Inclusão de alunos com Síndrome de Down no ambiente escolar

Redes de ensino podem ajudar na integração de alunos portadores de deficiência para obter um bom resultado de aprendizado

De acordo com último censo do Ministério da Educação (MEC), desde 1998, houve crescimento significativo de alunos com Síndrome de Down matriculados na rede regular de ensino, de 200 mil à época, o número saltou para mais de 1,18 milhão. Além do Pessoas Com Necessidades Especiais (PNE), a Lei Brasileira de Inclusão (LBI) também assegura que pessoas com síndromes tenham garantido o direito à educação. “Alcançar o máximo desenvolvimento possível de seus talentos e habilidades físicas, sensoriais, intelectuais e sociais, segundo suas características, interesses e necessidades de aprendizagem.”

A inclusão de crianças com necessidades especiais, como lei e prática no Brasil e no mundo, pretende proporcionar uma educação acessível a todos. Essa experiência do convívio com as demais crianças contribui para o seu desenvolvimento motor, cognitivo, afetivo e psicossocial. Elas são capazes de se inserir no grupo, oportunizando uma compreensão sobre a diversidade humana por parte de todos.  Na sala de aula, a consciência e a empatia frente à pessoa com deficiência favorece o aprendizado de todos.

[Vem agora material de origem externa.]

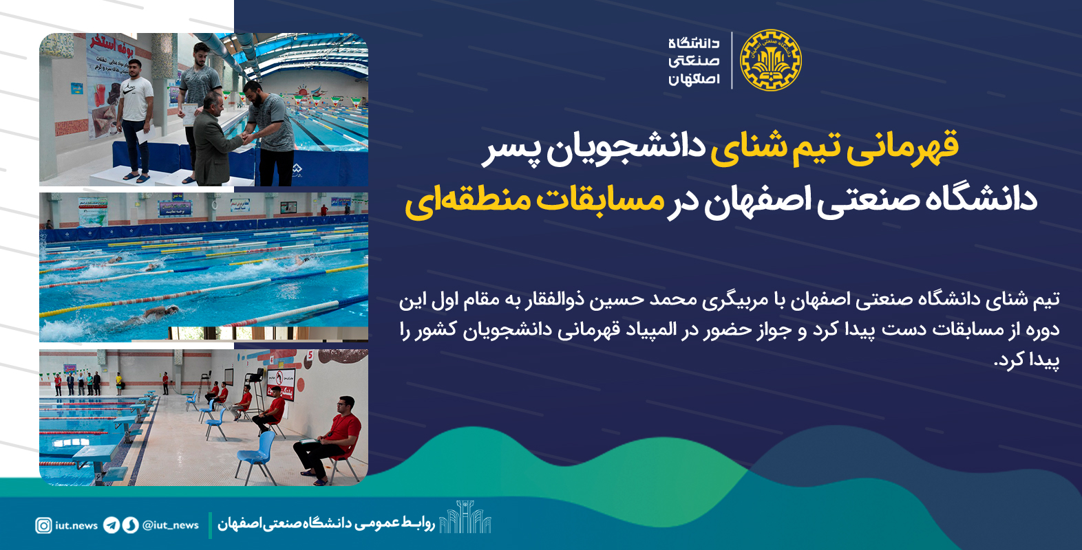 قهرمانی تیم شنای دانشجویان پسر دانشگاه صنعتی اصفهان در مسابقات منطقه

Segundo a médica pediatra do Ambulatório Multidisciplinar de Síndrome de Down do Hospital Universitário Pedro Ernesto (HUPE-UERJ), Anna Paula Baumblatt, os alunos devem ser tratados de forma igualitária, respeitando a individualidade de cada um. “Independente da Síndrome de Down, cada estudante vai apresentar facilidades e dificuldades de acordo com o conteúdo oferecido”, conta.

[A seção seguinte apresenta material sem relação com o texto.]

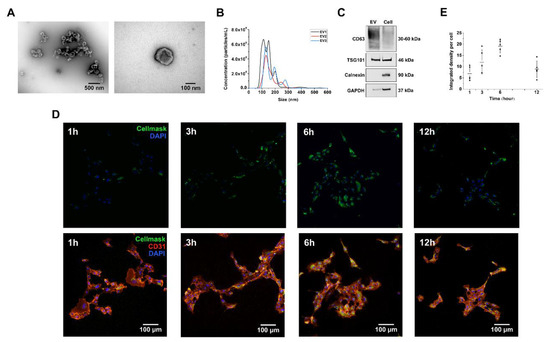 Characterization of DSPC-derived EVs. (A) Representative TEM images of EVs. (B) Size distribution of EVs was determined by nanoparticle tracking analysis (NTA), presented by three biological replicates (EV1–EV3) isolated from different DPSC cell lines. (C) The surface markers of EVs were analyzed by western blotting. (D) The uptake of CellMask Green-labeled EVs by HUVECs (stained with CD31) was visualized after 1, 3, 6 and 12 h of incubation, showing a time-dependent course. (E) The uptake of EVs was quantified as integrated fluorescent density signal per cell. The number of internalized EVs reached the maximum at 6 h.

Com base na Lei Brasileira de Inclusão nº 13.146/2015,  a criança com deficiência tem assegurado no sistema educacional o máximo de desenvolvimento possível de seus talentos e habilidades físicas, sensoriais, intelectuais e sociais, dentro de suas características, interesses e necessidades de aprendizagem. “O exercício dos direitos e das liberdades fundamentais por pessoa com deficiência, visando à sua inclusão social e cidadania.”

Muitas crianças apontam perfis de aprendizagem que demandam certo grau de atenção, pode ser que algumas precisem de uma supervisão especializada, mas isto não é uma regra. Portanto, cabe à instituição educacional, aos pedagogos e psicólogos que prestam o apoio desenvolver atividades que estimulem a troca em grupo, favorecendo assim a  inserção.

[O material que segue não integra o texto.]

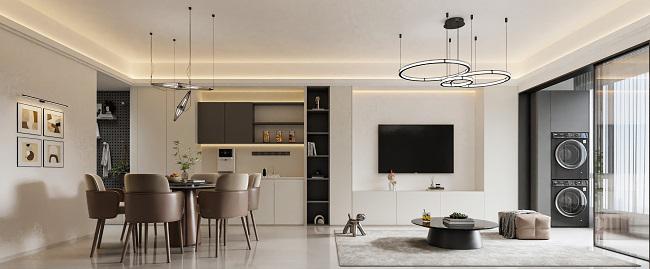 當極簡家融入原木風,就是高級和生活并存的家,不失煙火氣又不失質感。 客廳沒有復雜的裝飾設計,回歸簡單,才是家的常態,質樸的木頭,柔軟的布藝,它們靜靜的傾聽著這個家里的溫暖故事.

Para a membro da Comissão de Direitos da Pessoa com Deficiência da OAB/RJ (CDPD), Cláudia Araújo, as atividades devem ser realizadas com base no perfil do discente portador de deficiência, explorando preferencialmente a convivência com os demais alunos no ambiente escolar. “As provas devem ser realizadas em ambiente coletivo, observando os recursos, serviços de acessibilidade e tecnologia assistiva como o apoio, sempre que necessário”, declara.

Cláudia Araújo, da Comissão de Direitos da Pessoa com Deficiência, esclarece a importância da inclusão de crianças com Síndrome de Down nas áreas cognitivas e emocionais.

Ela também reforça que é preciso ressaltar a importância da capacitação do orientador para o atendimento educacional especializado. “O professor é o elo de interação neste processo de ensino aprendizagem e terá maior facilidade em atuar com as peculiaridades apresentadas pelos alunos com e sem deficiência em sala de aula”, explica Cláudia. 

A criança com Síndrome de Down têm necessidades especiais, mas como todas  as crianças. A inclusão na escola tem a importância de considerar cada aluno, nas suas habilidades e dificuldades. No entanto, compreendo as características da Síndrome de Down, pode ajudar a receber o aluno na escola, assim como adaptar as estratégias de ensino.

Pedro Monteiro Detomaz de 34 anos, tem síndrome de Down e sua mãe Ana Lúcia Monteiro de 61 anos, conta que após o ensino fundamental, ele foi para uma escola de jovens adultos na qual oferece um tratamento diferenciado para crianças portadoras de deficiência. “Pedro já passou por várias escolas, mas para ser incluído com os outros alunos, ele gostava de jogar futebol na educação física e fazer teatro também”, diz Ana Lúcia.

O mais importante no processo de aprendizagem é fazer com que o aluno portador de deficiência se sinta capaz de superar as dificuldades, potencializando as habilidades. O trabalho com as diferenças é um desafio para todos, mas também um aprendizado valioso. A verdadeira inclusão que se aprende é que não só elas, mas todas as crianças, têm necessidades especiais.